In 2014, Clayton D. Lockett appeared to writhe in
pain after the medical staff failed to make sure that the midazolam sedative
flowed into his bloodstream; his execution was called off but he nonetheless
died 43 minutes later of a heart attack. In the state’s next execution, of
Charles F. Warner in 2015, officials mistakenly used the wrong drug to stop his
heart. The combination of mistakes led to a
six-year pause on executions in the state before the problematic execution of John Marion Grant in October.
Mr. Grant, who had been convicted of fatally stabbing
a prison cafeteria worker, appeared to vomit or regurgitate and, in the account
of reporters who witnessed his death, convulsed about two dozen times after
being injected with midazolam. At the time, the state’s prisons chief, Scott
Crow, said that the execution was “not pleasant to watch” but that he believed
it was nonetheless humane.
A ruling in favor of the prisoners would, at least
temporarily, block Oklahoma from carrying out additional executions using the
current combination of drugs, but would not halt other states from doing so.

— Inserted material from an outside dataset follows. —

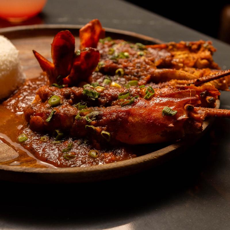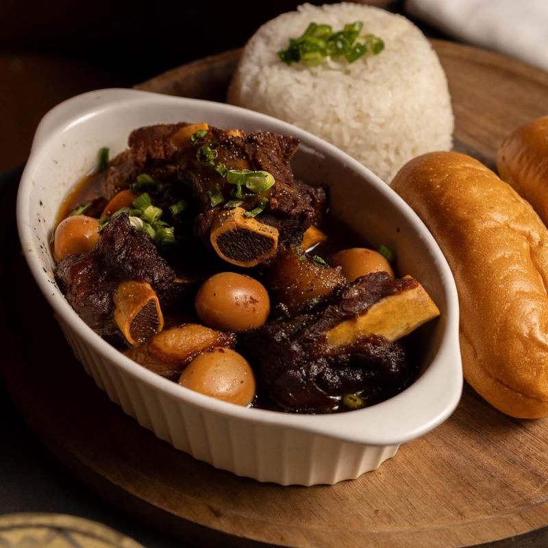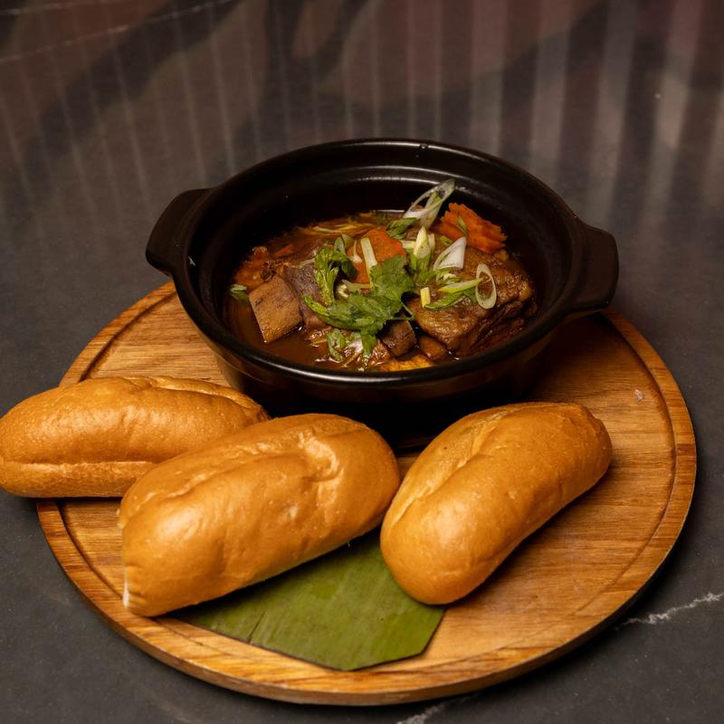 Caramelized pork belly and pork shoulder, side of jasmine rice, and mini baguettes.

About half a dozen states used midazolam as part of the lethal injection
mixture in their most recent execution, according to the Death Penalty Information Center.
If the plaintiffs are successful, Oklahoma would almost certainly appeal the
ruling, sending the case to an appellate court, and potentially to the Supreme
Court.
The state has executed three people with the use of
midazolam over the past three months, none of whom reacted similarly to Mr.
Grant. Lawyers for the plaintiffs said they expected that a ruling in
Oklahoma’s favor would lead the state to quickly schedule executions among the
40 people currently on death row.
The judge was not expected to issue a ruling for at
least a month, after an additional brief from lawyers on each side.